_Available data_:
* * * *
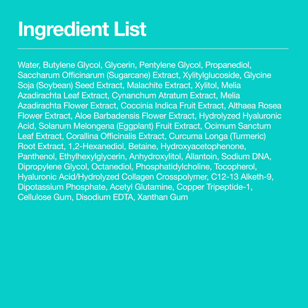 Water, Butylene Glycol, Glycerin, Pentylene Glycol, Propanediol, Saccharum Officinarum (Sugarcane) Extract, Xylitylglucoside, Glycine Soja (Soybean) Seed Extract, Malachite Extract, Xylitol, Melia Azadirachta Leaf Extract, Vincetoxicum Atratum Extract, Melia Azadirachta Flower Extract, Coccinia Indica Fruit Extract, Althaea Rosea Flower Extract, Aloe Barbadensis Flower Extract, Hydrolyzed Hyaluronic Acid, Solanum Melongena (Eggplant) Fruit Extract, Ocimum Sanctum Leaf Extract, Corallina Officinalis Extract, Curcuma Longa (Turmeric) Root Extract, 1,2-Hexanediol, Betaine, Hydroxyacetophenone,Panthenol, Ethylhexylglycerin, Anhydroxylitol, Allantoin, Sodium DNA, Dipropylene Glycol, Octanediol, Phosphatidylcholine, Tocopherol, Hyaluronic Acid/Hydrolyzed Collagen Crosspolymer, C12-13 Alketh-9, Dipotassium Phosphate, Acetyl Glutamine, Copper Tripeptide-1, Cellulose Gum, Disodium EDTA, Xanthan Gum
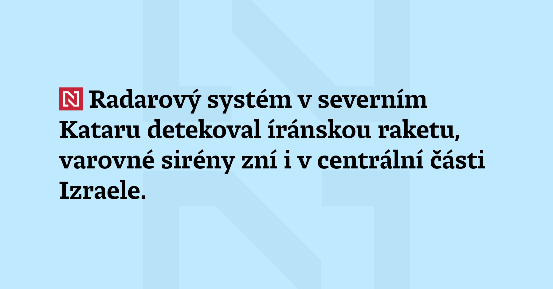 Radarový systém v severním Kataru detekoval íránskou raketu, varovné sirény zní i v centrální části Izraele. Izraelské obranné síly tam podle informací médií pracují na zastavení raket. (Al-Džazíra, Times of Israel)
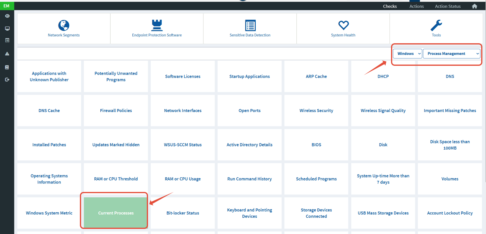 From the filtered options, choose Process Management. This will show all process-related checks for Windows endpoints.
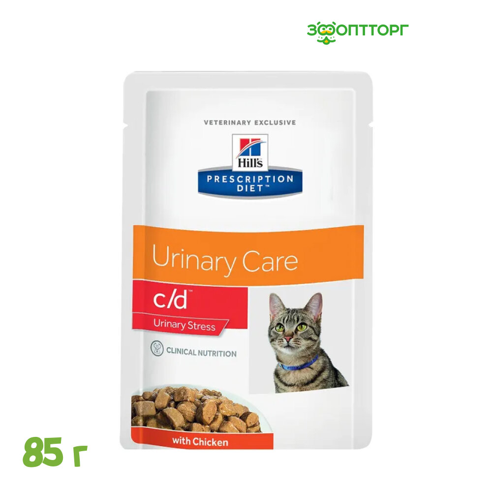 Hill's Prescription Diet c/d Urinary Stress пауч для кошек при МКБ Курица, 85 г.
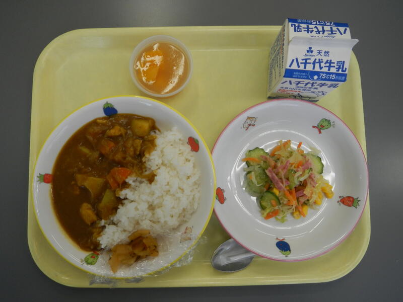 1年生最初の給食は、絵本【カレーのおうさま】のチキンカレーです。たまねぎ、にんじん、じゃがいもにお肉などなど。
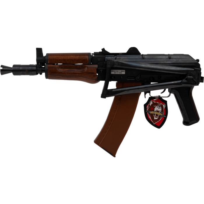 Equipped with a V3 gearbox and a high-quality AEG inner barrel, the AKS-74U delivers superior accuracy and consistency. Its electric blowback (EBB) feature enhances the realism, while the 200-round magazine capacity keeps you in the action longer. The compact design, paired with a T-Dean battery connector and 7.4V Li-Po battery compatibility, ensures easy maintenance and high reliability. Available in a sleek black and wood color scheme, the Kalashnikov AKS-74U is a true homage to the original while offering modern airsoft performance.
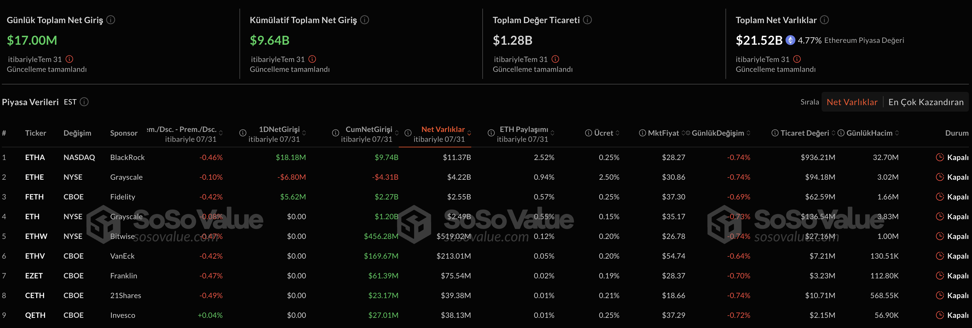 Con las crecientes entradas, el valor de los activos bajo gestión para los ETFs de Ethereum ha alcanzado los $21.52 mil millones, representando el 4.77% de la oferta total. Los analistas sugieren que esta cifra indica un flujo continuo de fondos hacia Ethereum sin imponer presión adicional sobre la rentabilidad de la cadena de bloques.
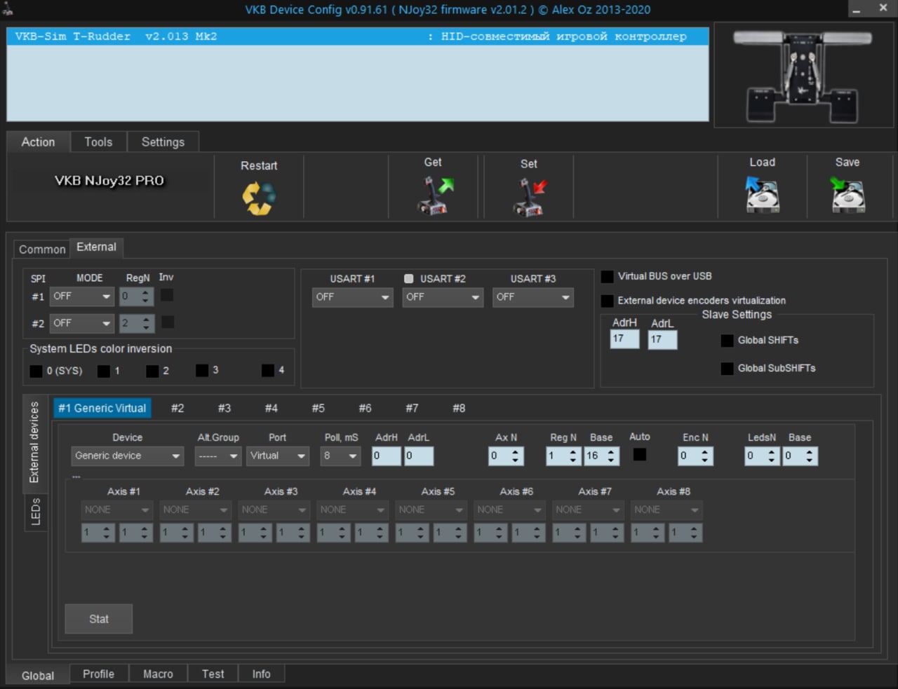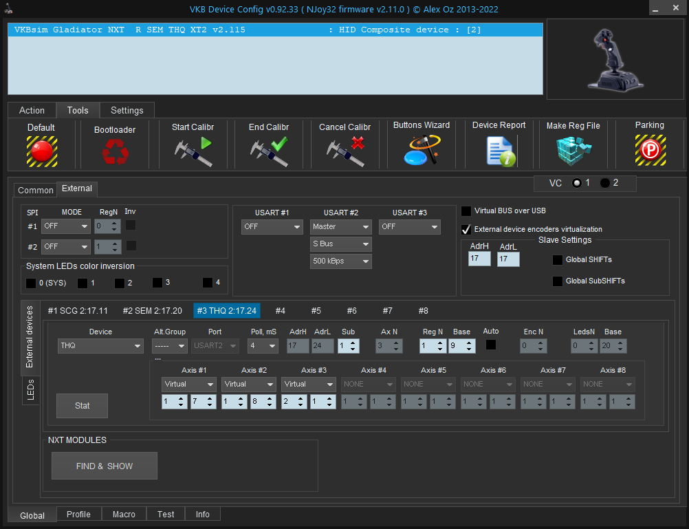 Captain_Horn Опубликовано: 29 сентября 2022 Опубликовано: 29 сентября 2022 56 минут назад, -DED-Ron сказал: Используйте более новый конфигуратор (возможно и прошивку для GNX_USB Controller_2_11B), сбросьте в Default и потом сконфигурируйте кнопкой Find&AutoConfig, не зажимая никаких кнопок перед этим. Спасибо устройство определилось на новом конфигураторе. Правда, не могу найти кнопку "Find&AutoConfig". Конфигуратор сам предложил калибровку и настройку.
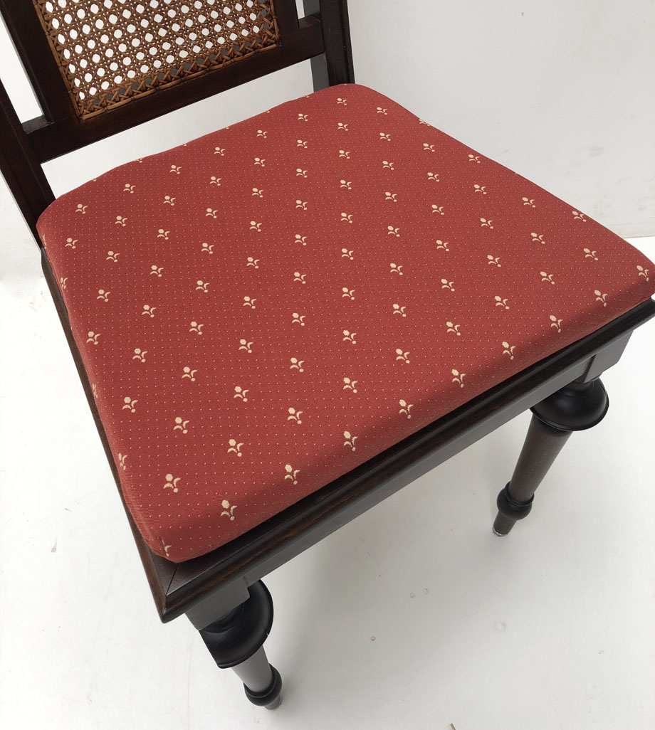 Polster für Antike Esszimmer Stühle. Sitz genäht, Kundl rot , mit Laschen und Wendedruckknopf
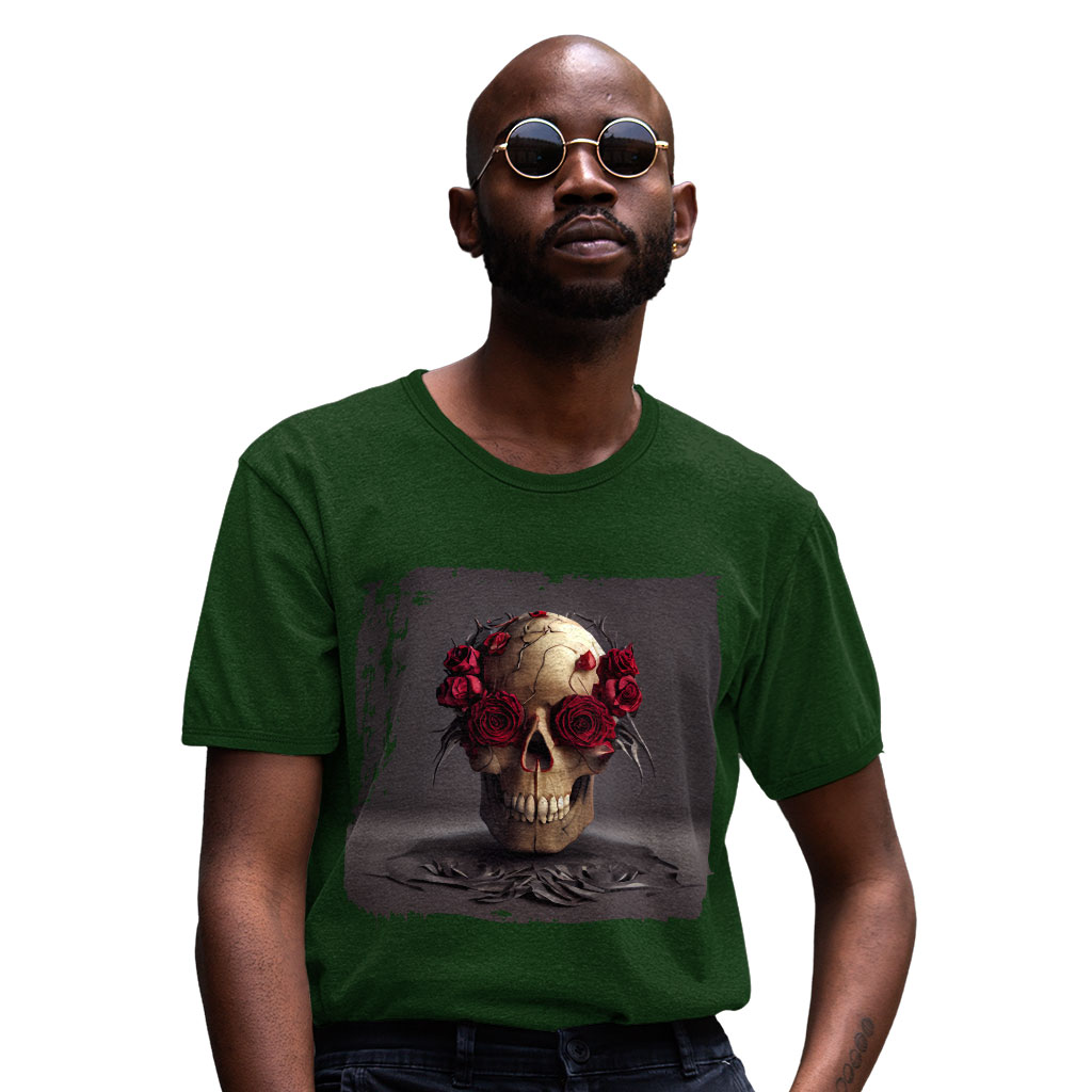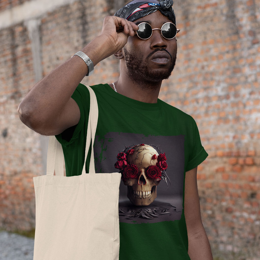 Cool Skull Graphic Heavy Cotton T-Shirt – Art Tee Shirt – Roses T-Shirt
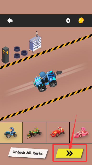 2、挑选心仪造型的炫酷卡丁车,确认选择后点击前进图标。
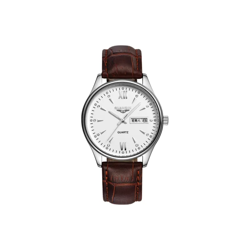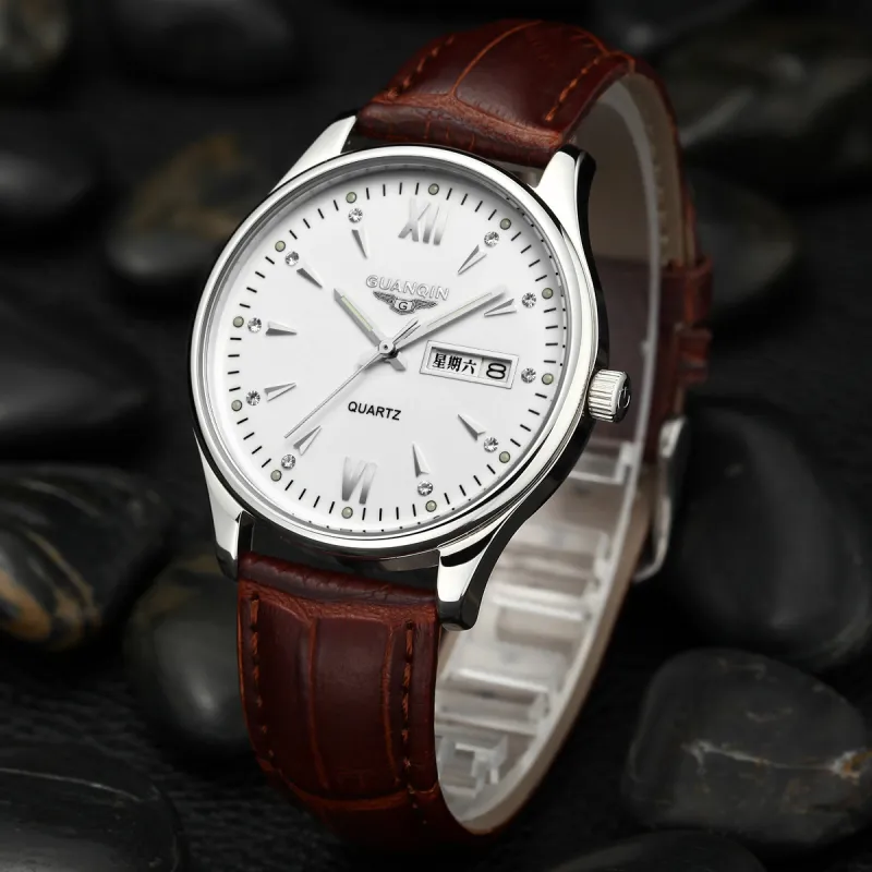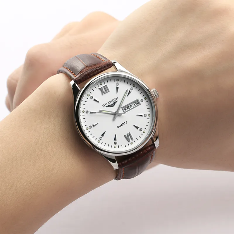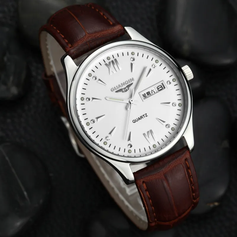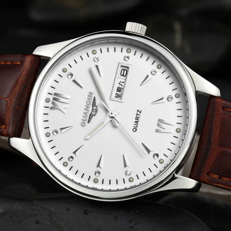 GUANQIN DS80019 A.BBZ Кварцевый механизм Естественная кожа Ремешок Часы Мужские Белый циферблат
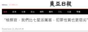 当检察官询问他们是不是仅次于“七星派”的第二大暴力组织时,另一位成员立马急了:“检察官说什么呢,我们比七星派强多了,我们的犯罪性质更恶劣,不想在七星派底下。在调查报告中请一定要写下我说的这句话。”
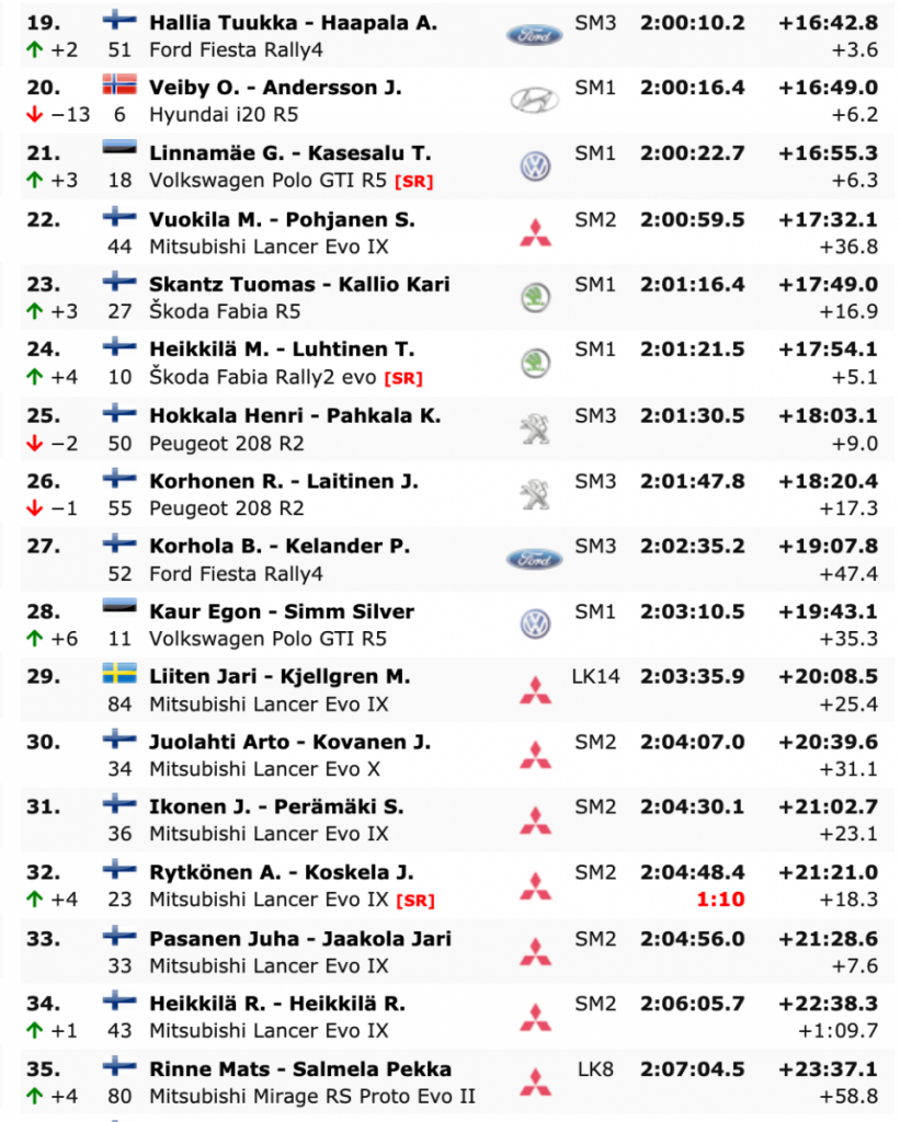Cuarto fue Juha Salo con otro Skoda Fabia Rally2 evo, seguido del piloto de Fórmula 1 en el equipo Mercedes Valteri Bottas, que a los mandos del Citroën DS3 WRC del equipo PH Sport remontó de la octavo plaza hasta la sexta.
* * * *
_What needs to be done_: Write out the data exactly, but not its pictures.

_Solved exercise_:
 Water, Butylene Glycol, Glycerin, Pentylene Glycol, Propanediol, Saccharum Officinarum (Sugarcane) Extract, Xylitylglucoside, Glycine Soja (Soybean) Seed Extract, Malachite Extract, Xylitol, Melia Azadirachta Leaf Extract, Vincetoxicum Atratum Extract, Melia Azadirachta Flower Extract, Coccinia Indica Fruit Extract, Althaea Rosea Flower Extract, Aloe Barbadensis Flower Extract, Hydrolyzed Hyaluronic Acid, Solanum Melongena (Eggplant) Fruit Extract, Ocimum Sanctum Leaf Extract, Corallina Officinalis Extract, Curcuma Longa (Turmeric) Root Extract, 1,2-Hexanediol, Betaine, Hydroxyacetophenone,Panthenol, Ethylhexylglycerin, Anhydroxylitol, Allantoin, Sodium DNA, Dipropylene Glycol, Octanediol, Phosphatidylcholine, Tocopherol, Hyaluronic Acid/Hydrolyzed Collagen Crosspolymer, C12-13 Alketh-9, Dipotassium Phosphate, Acetyl Glutamine, Copper Tripeptide-1, Cellulose Gum, Disodium EDTA, Xanthan Gum
 Radarový systém v severním Kataru detekoval íránskou raketu, varovné sirény zní i v centrální části Izraele. Izraelské obranné síly tam podle informací médií pracují na zastavení raket. (Al-Džazíra, Times of Israel)
 From the filtered options, choose Process Management. This will show all process-related checks for Windows endpoints.
 Hill's Prescription Diet c/d Urinary Stress пауч для кошек при МКБ Курица, 85 г.
 1年生最初の給食は、絵本【カレーのおうさま】のチキンカレーです。たまねぎ、にんじん、じゃがいもにお肉などなど。
 Equipped with a V3 gearbox and a high-quality AEG inner barrel, the AKS-74U delivers superior accuracy and consistency. Its electric blowback (EBB) feature enhances the realism, while the 200-round magazine capacity keeps you in the action longer. The compact design, paired with a T-Dean battery connector and 7.4V Li-Po battery compatibility, ensures easy maintenance and high reliability. Available in a sleek black and wood color scheme, the Kalashnikov AKS-74U is a true homage to the original while offering modern airsoft performance.
 Con las crecientes entradas, el valor de los activos bajo gestión para los ETFs de Ethereum ha alcanzado los $21.52 mil millones, representando el 4.77% de la oferta total. Los analistas sugieren que esta cifra indica un flujo continuo de fondos hacia Ethereum sin imponer presión adicional sobre la rentabilidad de la cadena de bloques.
 Captain_Horn Опубликовано: 29 сентября 2022 Опубликовано: 29 сентября 2022 56 минут назад, -DED-Ron сказал: Используйте более новый конфигуратор (возможно и прошивку для GNX_USB Controller_2_11B), сбросьте в Default и потом сконфигурируйте кнопкой Find&AutoConfig, не зажимая никаких кнопок перед этим. Спасибо устройство определилось на новом конфигураторе. Правда, не могу найти кнопку "Find&AutoConfig". Конфигуратор сам предложил калибровку и настройку.
 Polster für Antike Esszimmer Stühle. Sitz genäht, Kundl rot , mit Laschen und Wendedruckknopf
 Cool Skull Graphic Heavy Cotton T-Shirt – Art Tee Shirt – Roses T-Shirt
 2、挑选心仪造型的炫酷卡丁车,确认选择后点击前进图标。
 GUANQIN DS80019 A.BBZ Кварцевый механизм Естественная кожа Ремешок Часы Мужские Белый циферблат
 当检察官询问他们是不是仅次于“七星派”的第二大暴力组织时,另一位成员立马急了:“检察官说什么呢,我们比七星派强多了,我们的犯罪性质更恶劣,不想在七星派底下。在调查报告中请一定要写下我说的这句话。”
Cuarto fue Juha Salo con otro Skoda Fabia Rally2 evo, seguido del piloto de Fórmula 1 en el equipo Mercedes Valteri Bottas, que a los mandos del Citroën DS3 WRC del equipo PH Sport remontó de la octavo plaza hasta la sexta.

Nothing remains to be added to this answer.